右手の中指を骨折し、走ったり、ジャンプしたりもできないらしい。
朝、ケガしたことをみんなに話した。
「H君に、何かできることはないかな?」
と、たずねた。
すると、
・ (字が書けないから)H君の言ったことを代わりに書いてあげる
・ 給食を配ってあげる
・ できる遊びを一緒にする
などが出された。
話し合って決めようということになったので、4限目に話し合った。
昨日のことである。
いろいろな意見が出た。
・ 近い人が手伝う
・ 宿題は、次の日の朝、いっしょにやる
・ 日直さんは、「おたすけマン」だし、みんなできるから日直さんが順番に手伝う
・ 計算は、速くできた子が手伝ってあげる
・ 順番を決めて手伝おう(班、名簿順、プロの順など)
・ 漢字は指で覚えられるから、指で書けばいい
・ H君が自分でできることは自分でする。
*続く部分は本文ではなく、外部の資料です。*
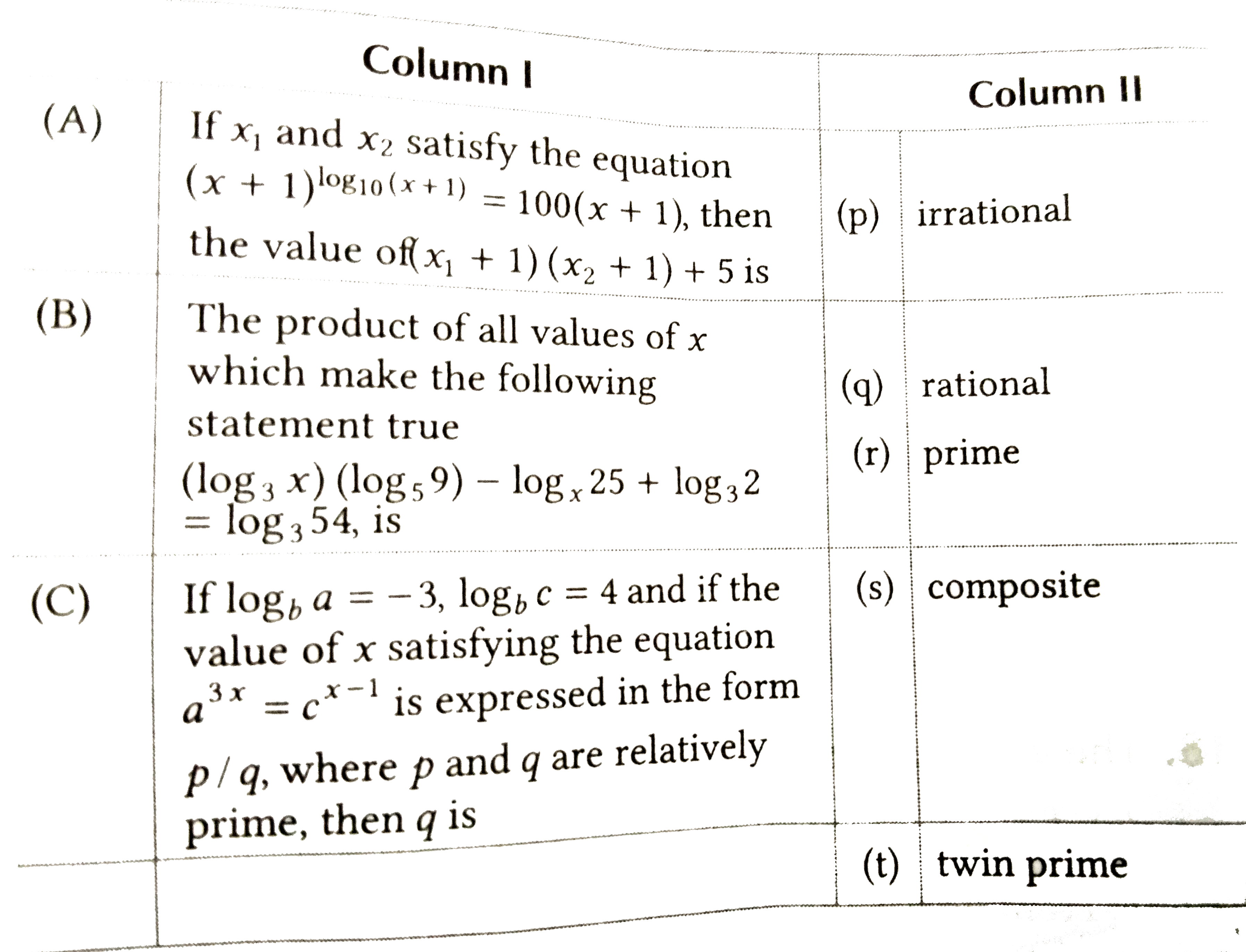 Match the items in Columns- I with Column-II and choose the correct option.
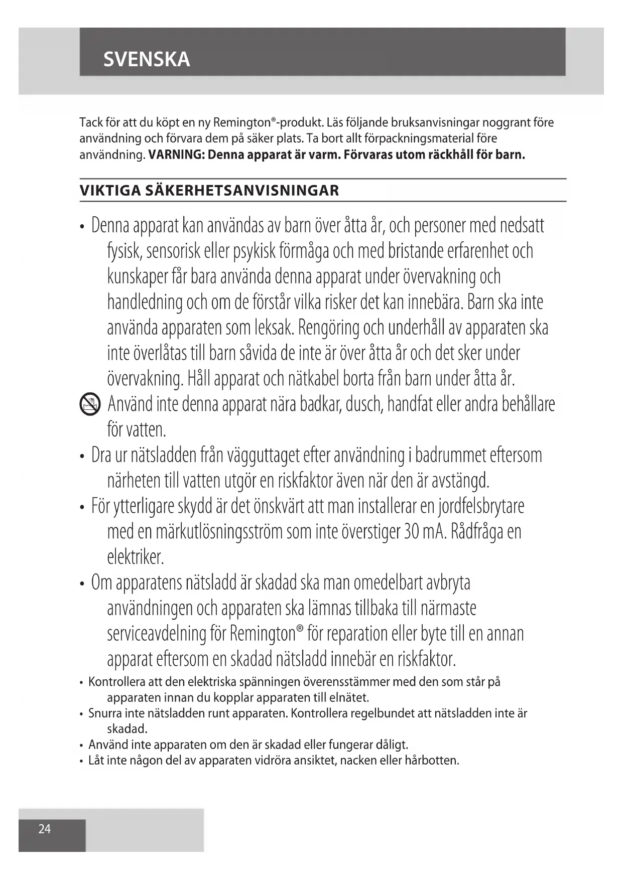 AE24 SVENSKA Tack för att du köpt en ny Remington®-produkt. Läs följande bruksanvisningar noggrant före användning och förvara dem på säker plats. Ta bort allt förpackningsmaterial före användning. VARNING: Denna apparat är varm. Förvaras utom räckhåll för barn.

できないことをしてあげる
・ そうじで、できないような仕事は代わってあげる
みんなで手伝おうということで、意見はまとまっている。
問題はその方法である。
「近い人が手伝うことにしましょうか?」
と、聞いてみると
「だめだ。」
と言う。
「なぜ?」
と聞くと、
「友だちなんだから、みんなでやりたい。」
ということであった。
話し合った結果、「プロの順で手伝う」「となりに余っている机といすをつけ、手伝う人が交代ですわる。」「そうじは、できないような仕事はかわってあげる。」ことでまとまった。
こんな時こそ大切なのは友であり、助け合いである。
人は決して一人で生きているわけではない。
今日、H君は元気よく登校した。
朝さっそくH君のことを話しに来てくれた子がいた。
”宿題を左手で書いてきた”ことと、”その字がとても上手だった”ことを話してくれた。
僕も見たが、一生懸命さが感じられ、ジーンとなった。
授業中もがんばって左手でノートを書いていた。
周りの人の対応も温かい。
支え合うことの大切さを実感させたい。
H君はおとなしいが、いつもニコニコとしていて、優しい子どもだったと記憶しています。
そんなH君に、子どもたちは「何かしたい」「何ができるか」を考えます。
学級会を開いて話し合い、決めていくところが何だかほっこりしてしまいました。
担任である私が
「困っていることがあれば、できることをしていこうね。」
と言えば済むことです。
一人の友だちのことを思い、考える。
タイパが重視される今を思うと、「そこまでしなくても・・・。」となるのかもしれません。
でも私は、「話し合いたい」と言った子どもたちを誇りに思います。
友だちを、放っておけないのです。
こういった何気ない話し合いがとっても大切なんだろうな、ってしみじみ思います。